It is the test of a great intellect that one can support an idea from which one may gain nothing—indeed, from which one may lose badly—and on this precept, I applaud myself for being a supporter of meritocracy, from which I stand to gain precisely nothing.
That meritocracy is both good and possible is acknowledged by many, but that it exists in actuality is acknowledged by few. I am perhaps the only person in existence who:
supports a free, meritocratic market economy;
believes that we live in a fully realized version of said market; and
accepts his position at the very bottom of it.
This is not the case for the so-called “free-market libertarians.” While supportive of a meritocratic market in principle, they are fond of pinning their economic and personal failures on the few government regulations that still exist. The natural ability of the market to sort individuals into a hierarchy by ability, they claim, has been strangled by state intervention. “Were these forces that temper the market removed,” they whine, “I should be deputy manager by now.”

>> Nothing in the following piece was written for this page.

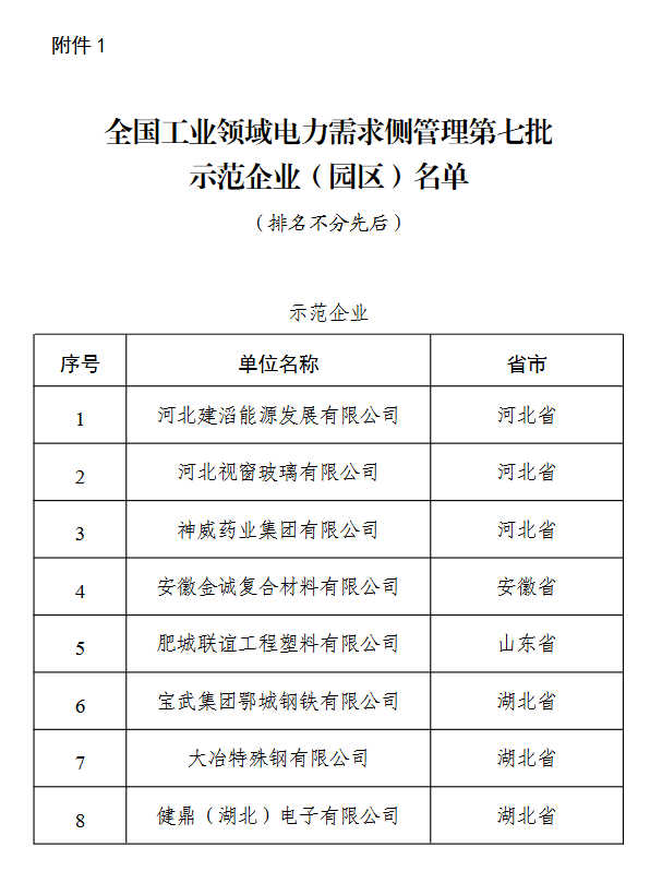 1.全国工业领域电力需求侧管理第七批示范企业(园区)名单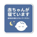 赤ちゃんが寝ていますシール(ブルー)は、かわいらしいデザインでお子様の安全を守ります。寝かしつけ中の赤ちゃんにぴったりなアイテムです。チークやカラフルな色合いが特徴で、部屋の雰囲気を和ませます。

Left-wing detractors, on the other hand, deny the possibility of such a system altogether. They cite the impossibility of a tabula rasa, argue that fortunes gained and lost will accumulate, compound, and spill over to successive generations, and make other such arguments of procedencia pringada1.
That the least talented complain of their lowly position is not an argument against, but proof of the existence of, a meritocratic system. Much nonsense, for instance, is spouted about James Forsyth and the number of golgappas he can fit in his mouth without gagging. But his father was certainly an intelligent, and consequently wealthy, man, and we would be intellectually dishonest to deny that his detached maisonette in Islington is anything but the fruit of this genetic inheritance.
Anything else is pure churlishness and sour grapes. But we would be foolish to expect meritocracy to produce a content lower order. With a few exceptions (which, of course, are remarkable and make us question the rule), people are sorted into the social milieu that best suits their intelligence and talents. For instance, the thumping music of the Ecuadorian bar in my neighbourhood, which easily penetrates the thin walls of my Franco-era apartamento, combined with the rhythmic slapping of the Chinese child upstairs by its mother, seems to sing:
“If neither parent studied beyond secondary,
Cease to write, and speak only in estuary.”
And so, it puts me firmly in my place. Neighbourhoods, I am reminded, are not improved when one writes poetry, but when house prices go up.
procedencia pringada: “From the mouths of losers”.